Clinical Pharmacokinetics

, Volume 50, Issue 12, pp 781–791

Effect of Cytochrome P450 3A4 Inducers on the Pharmacokinetic, Pharmacodynamic and Safety Profiles of Bortezomib in Patients with Multiple Myeloma or Non-Hodgkin’s Lymphoma

  • Andrzej Hellmann
  • Simon Rule
  • Jan Walewski
  • Ofer Shpilberg
  • Huaibao Feng
  • Helgi van de Velde
  • Hamina Patel
  • Donna M. Skee
  • Suzette Girgis
  • Vernon J. Louw
Original Research Article

Abstract

Background and Objective: Bortezomib, an antineoplastic agent with proteasome inhibitory activity, is extensively metabolized by the hepatic microsomal cytochrome P450 (CYP) enzymes CYP3A4 and CYP2C19. Drugs that affect these enzymes may therefore have an impact on the pharmacological profile of bortezomib. This study evaluated the effects of co-administration of a potent CYP3A4 inducer (rifampicin [rifampin]) and a weak CYP3A4 inducer (dexamethasone) on the pharmacokinetic, pharmacodynamic and safety profiles of bortezomib.

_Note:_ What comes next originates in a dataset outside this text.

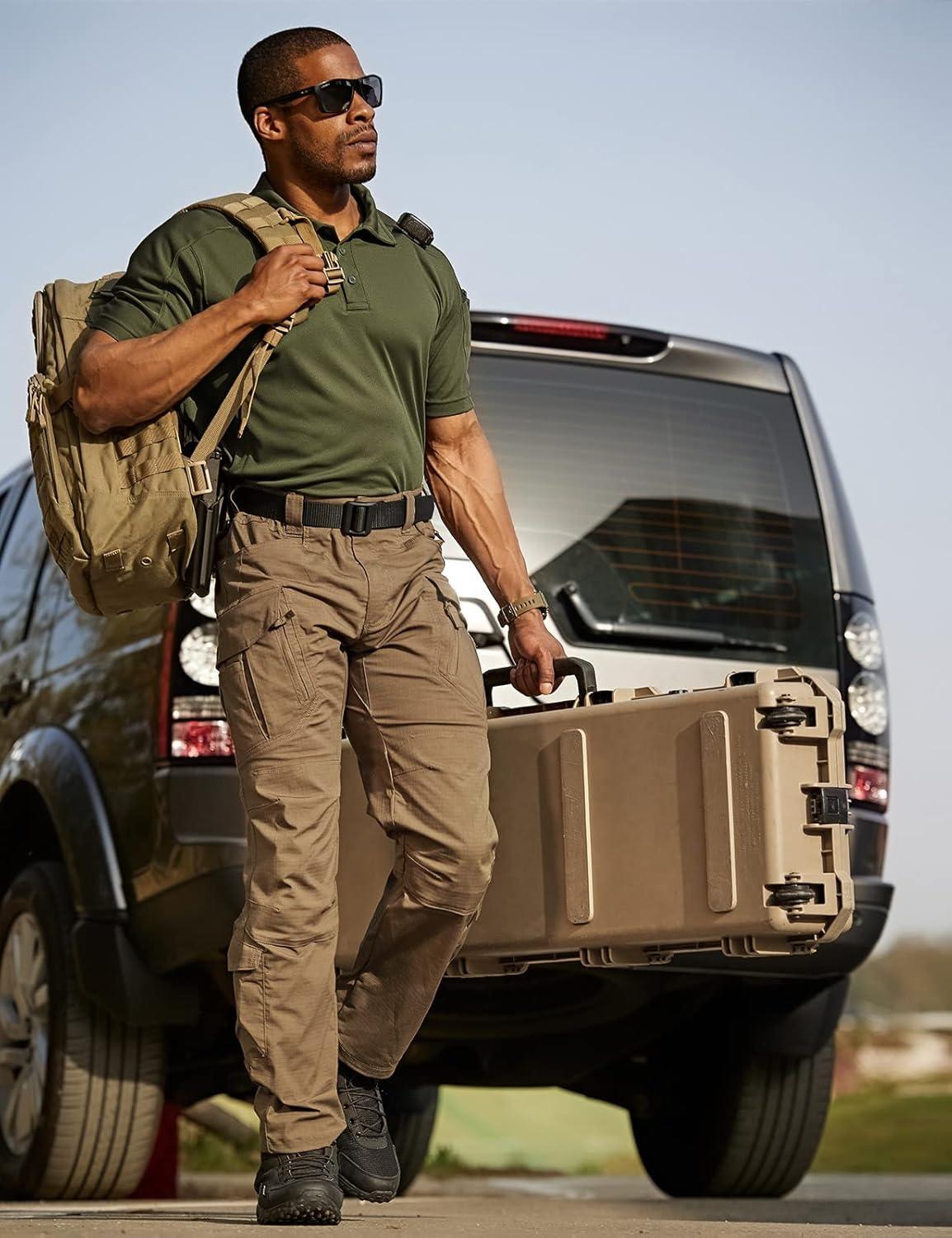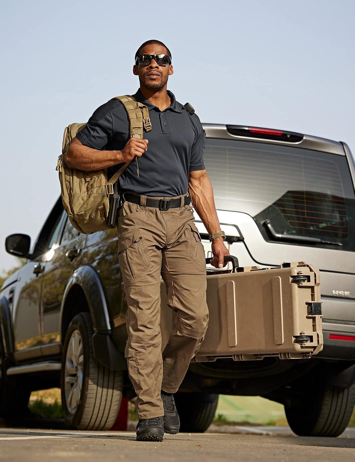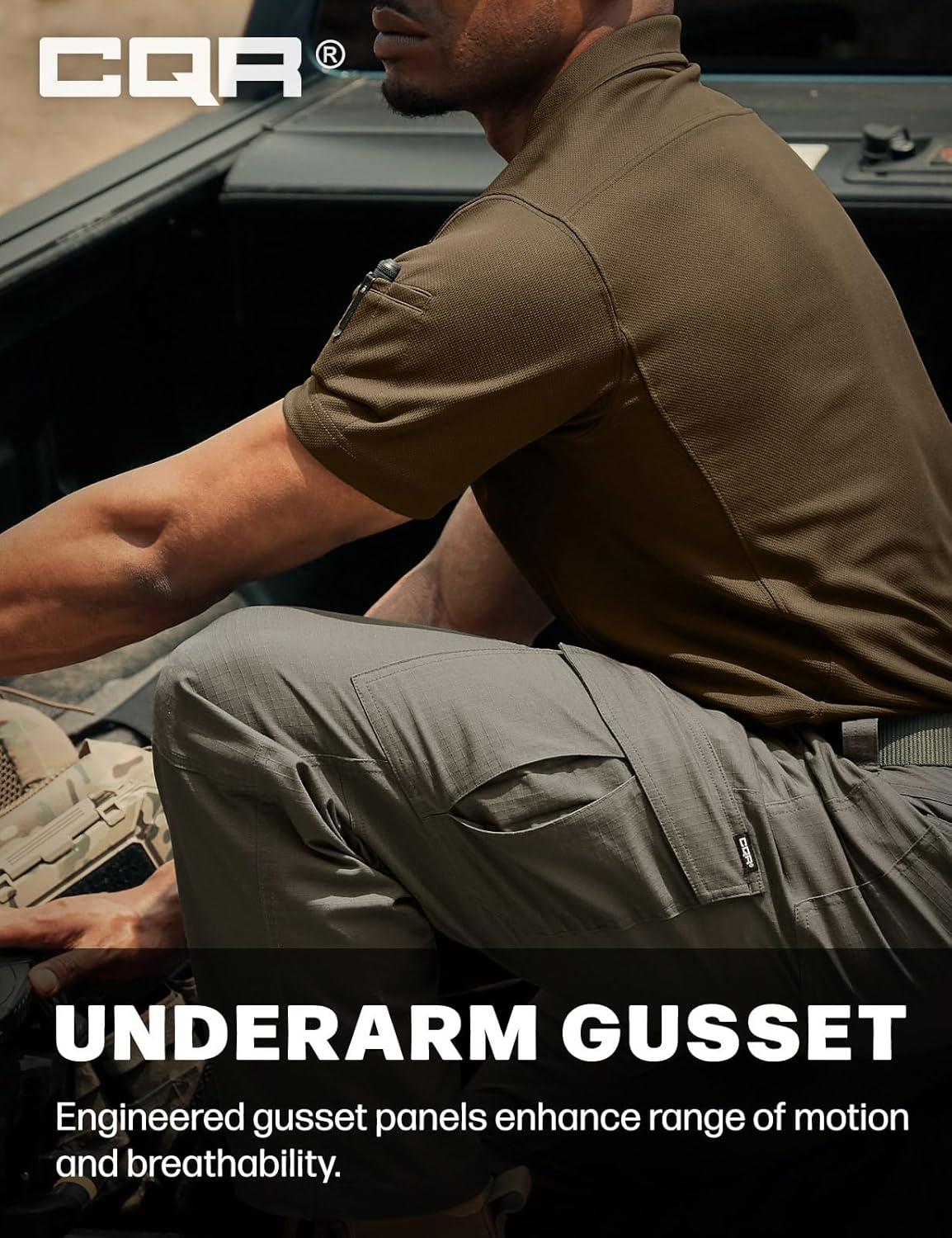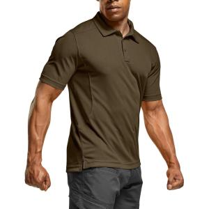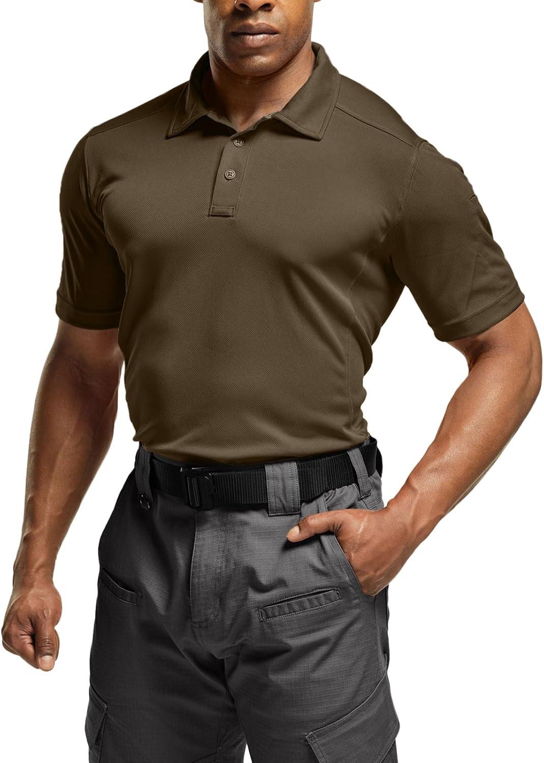 CQR Men’s Polo Shirts, Tactical Short Sleeve Golf Performance Shirts, Lightweight Dry Fit UPF 50+ Pique(Frost Essential Coyote)

Patients and Methods: Patients aged ≥18 years with relapsed or refractory multiple myeloma or non-Hodgkin’s lymphoma received intravenous bortezomib 1.3 mg/m2, administered on days 1, 4, 8 and 11 of a 21-day cycle, for 3 cycles. In stage 1, patients were randomized (1:1) to receive bortezomib alone or in combination with oral rifampicin 600 mg once daily on days 4–10 during cycle 3 only. If the mean area under the plasma concentration-time curve (AUC) of bortezomib was reduced by ≥30% during rifampicin co-administration, then stage 2 was initiated, in which patients received bortezomib with dexamethasone 40 mg once daily on days 1–4 and days 9–12 during cycle 3 only. Blood samples were collected on days 11 through 14 of cycles 2 and 3 before and after bortezomib administration, at prespecified time points, for pharmacokinetic and pharmacodynamic (proteasome inhibition) assessments.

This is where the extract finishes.